Вскоре Гладнев уже отчитывал помощника начальника штаба по разведке капитана Борисенко.

– Кто в городе? – сердито задавал он вопросы.

– Могли быть только мелкие группы противника.

– Мелкие, а танк горит. Ни черта не знают ваши разведчики, да и вы вместе с ними. Я отстраняю вас! – распалялся Гладнев.

Горяч был порой командир бригады. Конечно, нелегко было в те минуты и ему...

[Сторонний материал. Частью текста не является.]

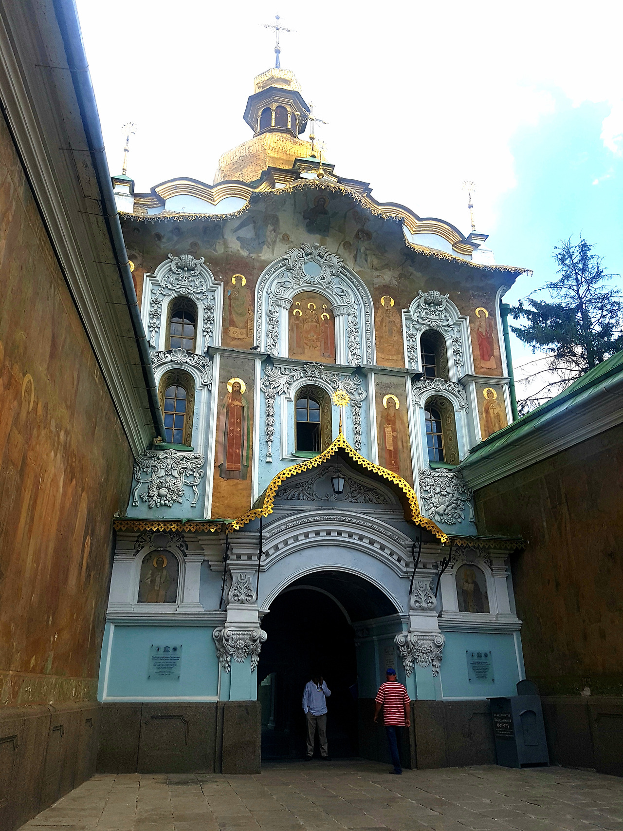하루 종일 도심을 바쁘게 누볐지만 키예프의 볼거리는 아직도 한참이나 남았다. 그래서 하루를 더 투자해 '페체르스크 수도원 Pechersk Lavra'을 방문했다. '페체르스크 수도원 Pechersk Lavra'은 '동굴 수도원'이라고도 불리는데, 옛날 수도사들이 이 수도원 안에 위치한 동굴에서 수도를 했기 때문이다. 여러 성인들로 장식되어 있는 수도원 문을 지나 안으로 들어서니 드넓은 부지가 나타났다. 처음에는 소박한 성당들이 보이는가 싶더니 잠시 후 번쩍번쩍한 황금색 돔을 자랑하는 화려한 성당들이 나타나기 시작했다.
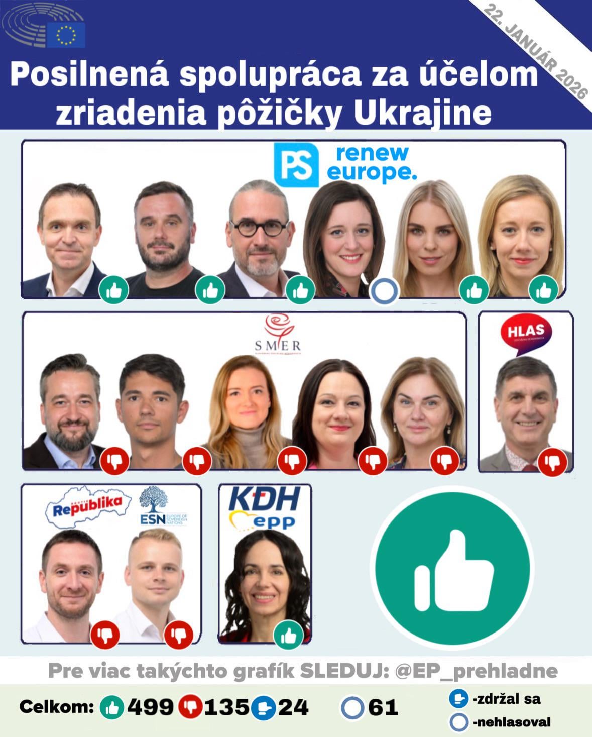 Európsky parlament dnes schválil kľúčové rozhodnutie, ktoré umožňuje posilnenú spoluprácu medzi 24 členskými štátmi EÚ pri vytvorení finančného nástroja, a teda pôžičky pre Ukrajinu vo výške až 90 miliárd eur na roky 2026-2027. Do tejto iniciatívy sa Slovensko nepripojilo.
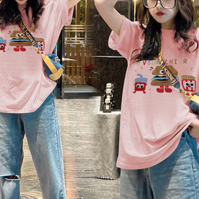 311线报网描述:多巴胺纯棉短袖t恤粉色上衣
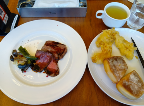 お昼ご飯はビッフェとローストビーフとパンケーキを食べました。
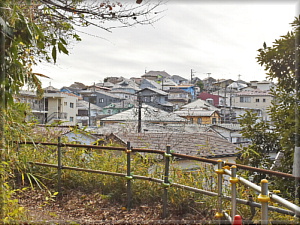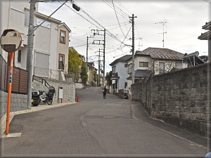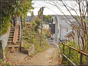 里山を下りてすぐ、目の前の斜面に広がる住宅地を上っていきます。帰宅中と思われる人が歩いて上っていましたが、この辺りはバスも走っていないようなので、いったいどこから歩いているのかと思いました。駅からだとすると結構ありますが。
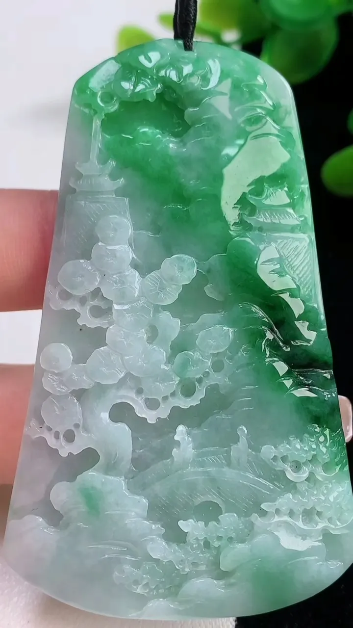 天然A货翡翠山水牌吊坠,尺寸70.4-43.2-5.9,重量:36.80g 12月18日
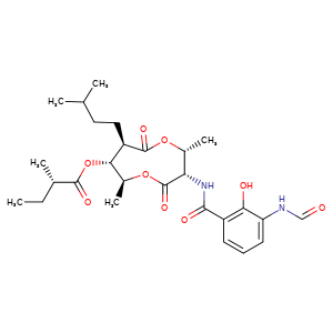 C(CC(C)C)[C@@H]1[C@@H](OC([C@H](CC)C)=O)[C@H](C)OC([C@H]([C@H](OC1=O)C)NC(=O)c2c(O)c(NC=O)ccc2)=O / INGREDIENT SUBSTANCE
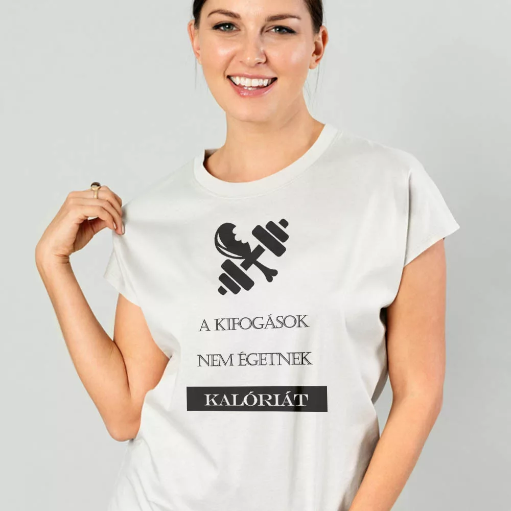 Női póló edzőknek, motivációs ajándék. A kifogások nem égetnek kalóriát feliratos póló nőknek, akik szabadidejük nagy részét az edzőteremben töltik. Ajándékozd meg edződet, aki még akkor is kitartott melletted, amikor Te már majdnem feladtad. Pamut póló többféle színben, minden méretben.
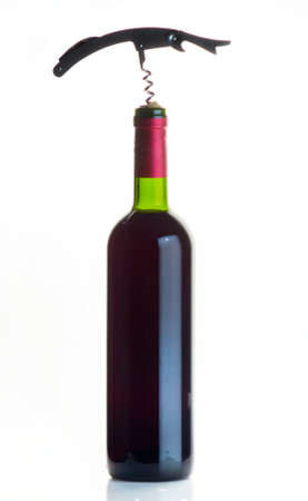 One Bottle of red wine with corkscrew on colored table. Flat lay, top view wth copy space.
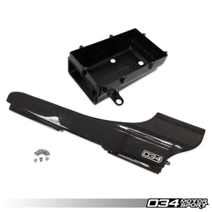 The 034Motorsport X34 Carbon Fiber Lower Intake Box and Fresh Air Duct for the Audi 8S TTRS and 8V.5 RS3 complements the 034Motorsport X34 Cold Air Intake (both the open top and closed top versions). This combination improves airflow and throttle response with dyno-proven horsepower gains.
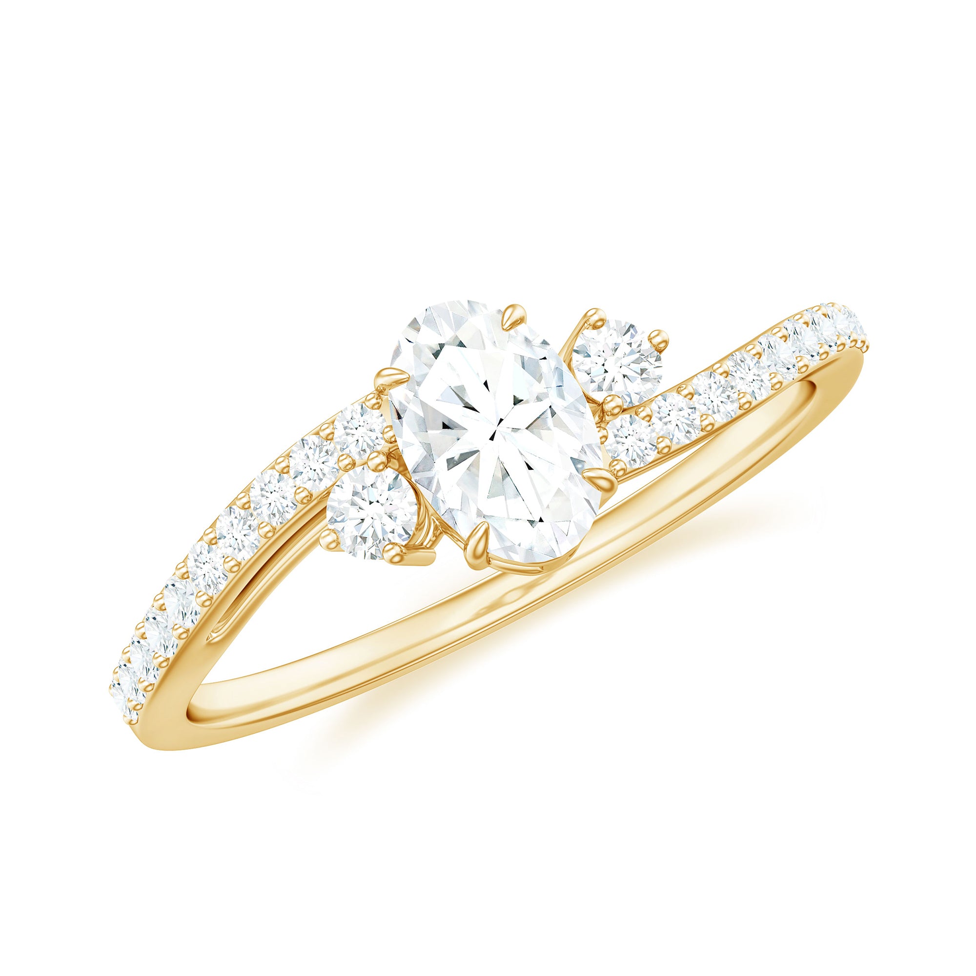 Oval Shape Moissanite Bypass Engagement Ring with Side Stones
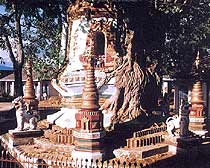 Shubao Pagodas are Buddhist (Lesser Vehicle Sect) buildings. The entire structure consists of a big platform base at the bottom, four small pagodas standing on the base, and four peculiarly-shaped lions between every two small pagodas, featuring the distinctive style of Buddhist pagodas of Burma and Thailand, together with the local colour of Yunnan border areas.
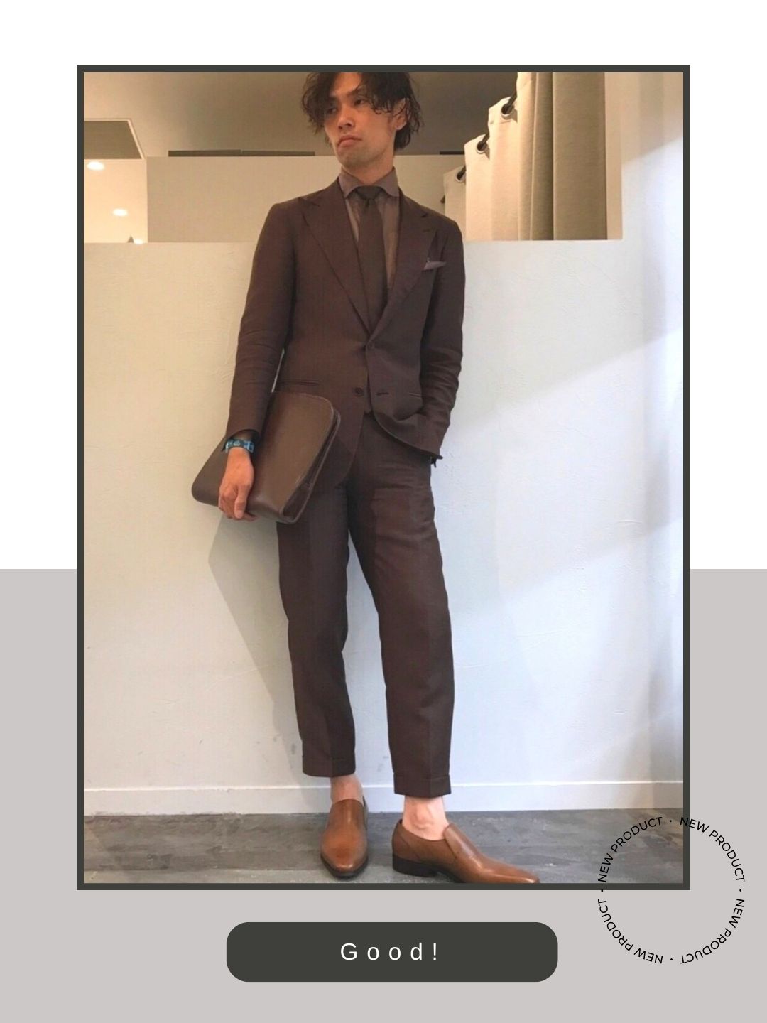 ジャケット・タイ・バッグ・靴をすべてブラウン系のグラデーションでまとめた中で、足元の明るいライトブラウンのレザーが絶妙な「抜け感」として機能しています。 チゼルトゥ特有の立体的なフォルムが光を反射し足元に美しい陰影を作ることで、単調になりがちなワントーンコーデに奥深さを与えています。
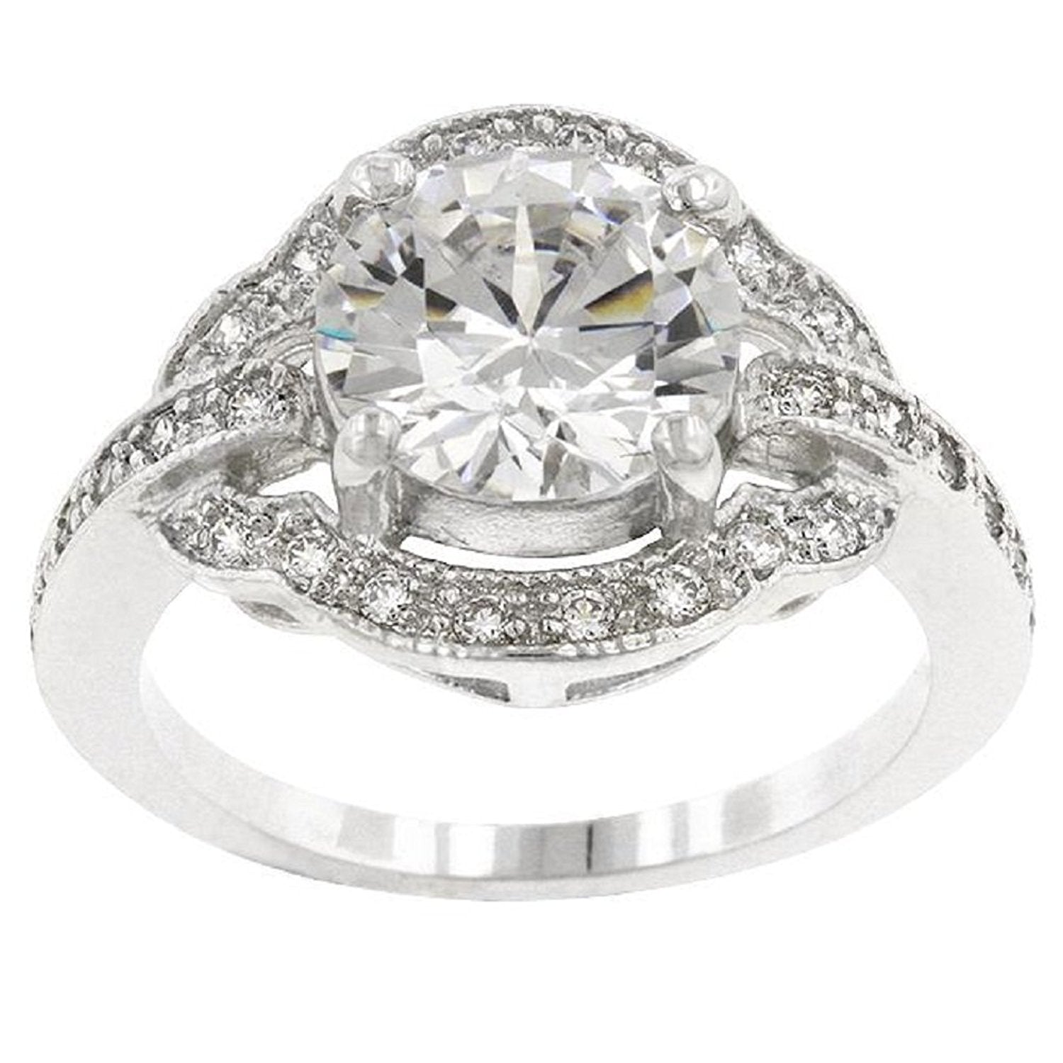 - At 6.5 total carats of cubic zirconia -- this antique style engagement set features a feminine shank boasting a 2.5 carat center stone and small cubic zirconia accenting its shoulders. The center of the ring is a separate band that complements the ring perfectly. Genuine Rhodium Plating is achieved using an electroplating process that coats the item with heavy layers of rhodium a close cousin to platinum which gives our jewelry a platinum luster.
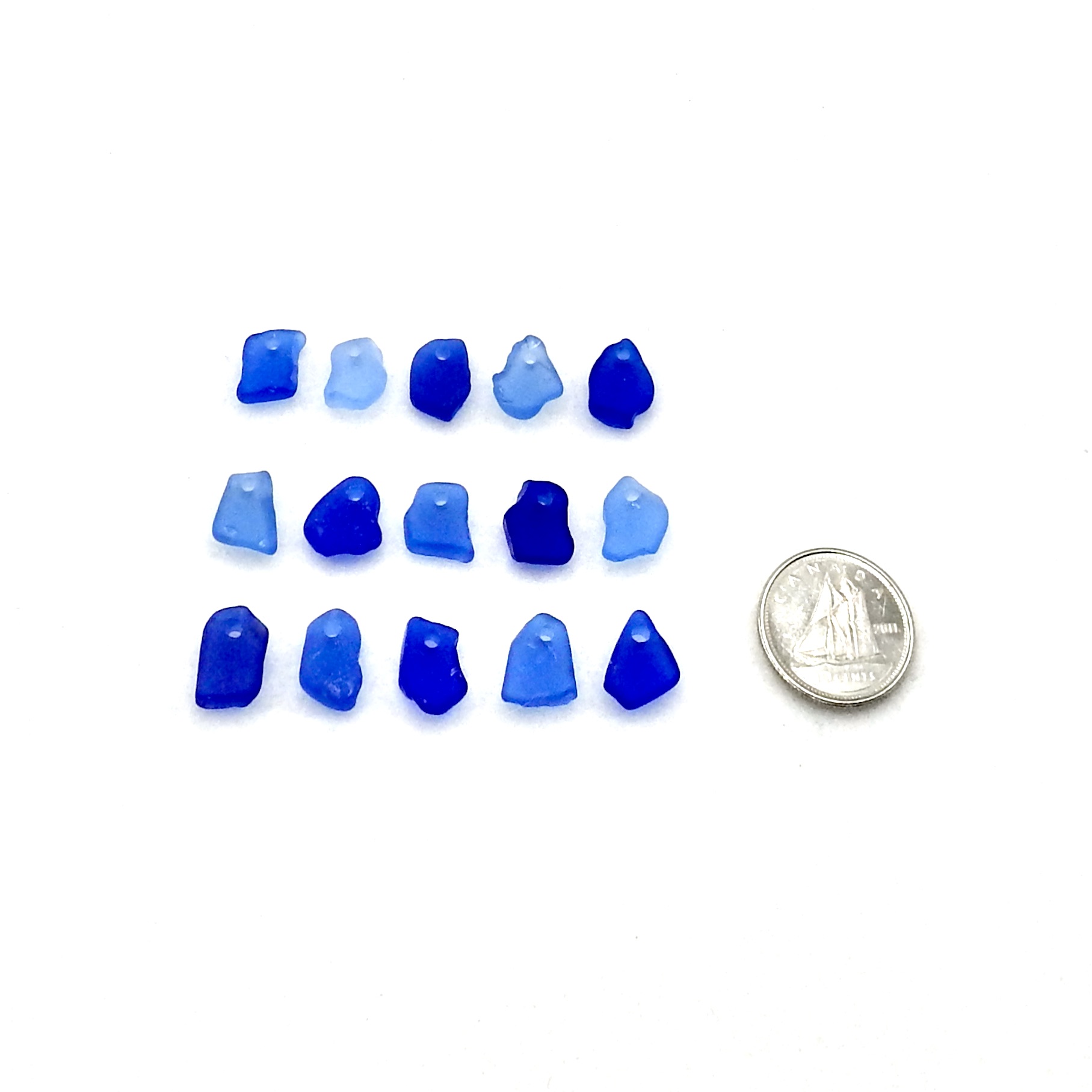 Tiny genuine sea glass charms, set of 15, in shades of cobalt blue and cornflower blue with top drilled holes.
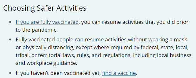 疾控中心的指导仍然建议在公共交通工具上使用口罩,包括飞机、火车和公交车,以及在医院、长期护理机构,监狱和无家可归者收容所。地方司法机构和企业也可以继续要求使用口罩,而且许多企业也还在这样做。大型零售商如沃尔玛、塔吉特、好市多等已经表示,接种疫苗的购物者和员工不必再在商店里戴口罩 — 除非根据当地法律有此要求。
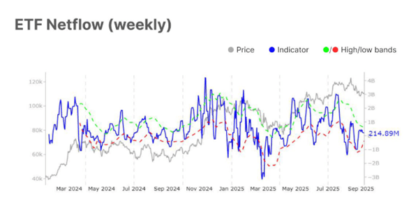 A Bitcoin tőzsdén jegyzett alapok (ETF-ek) szintén a moderáció jeleit mutatták. A nettó beáramlások csökkentek, és a kereskedési volumenek az átlagos statisztikai szintek alatt maradtak. Eközben az ETF MVRV mutatója enyhén emelkedett, ami óvatos profitkivételt jelez.

Капитан Борисенко был сравнительно новым человеком в бригаде, да и вообще на фронте, в действующей армии. Он прибыл к нам в декабре сорок четвертого, прямо из академии, незадолго до зимних боев. Нас познакомил начальник штаба бригады подполковник Александр Федорович Смирнов, мой однофамилец. «Жить будем вместе, в одной землянке, да и для дела польза – разведчик и оператор в боях не обойдутся друг без друга».

При знакомстве Борисенко сказал, что по документам он значится Гавриилом Григорьевичем, но все его зовут Григорием. Так Гришей стали звать его и в штабе.

Мы быстро сошлись и даже подружились. Вечерами в землянке на Сандомирском плацдарме, раскочегарив железную печурку, подолгу беседовали в тепле. Я рассказывал ему о танковых боях, о последних сражениях лета и осени 1944 года, в частности о том, как бригада участвовала в окружении бродской группировки противника и ее разгроме. И чувствовал, что Борисенко завидует старым фронтовикам. Я, в свою очередь, восторгался тем, что он уже успел закончить военную академию. В одну из таких бесед Борисенко сказал:

– Войну мне надо закончить как следует, чтобы потом не грызла совесть, что большую ее часть просидел в тылу.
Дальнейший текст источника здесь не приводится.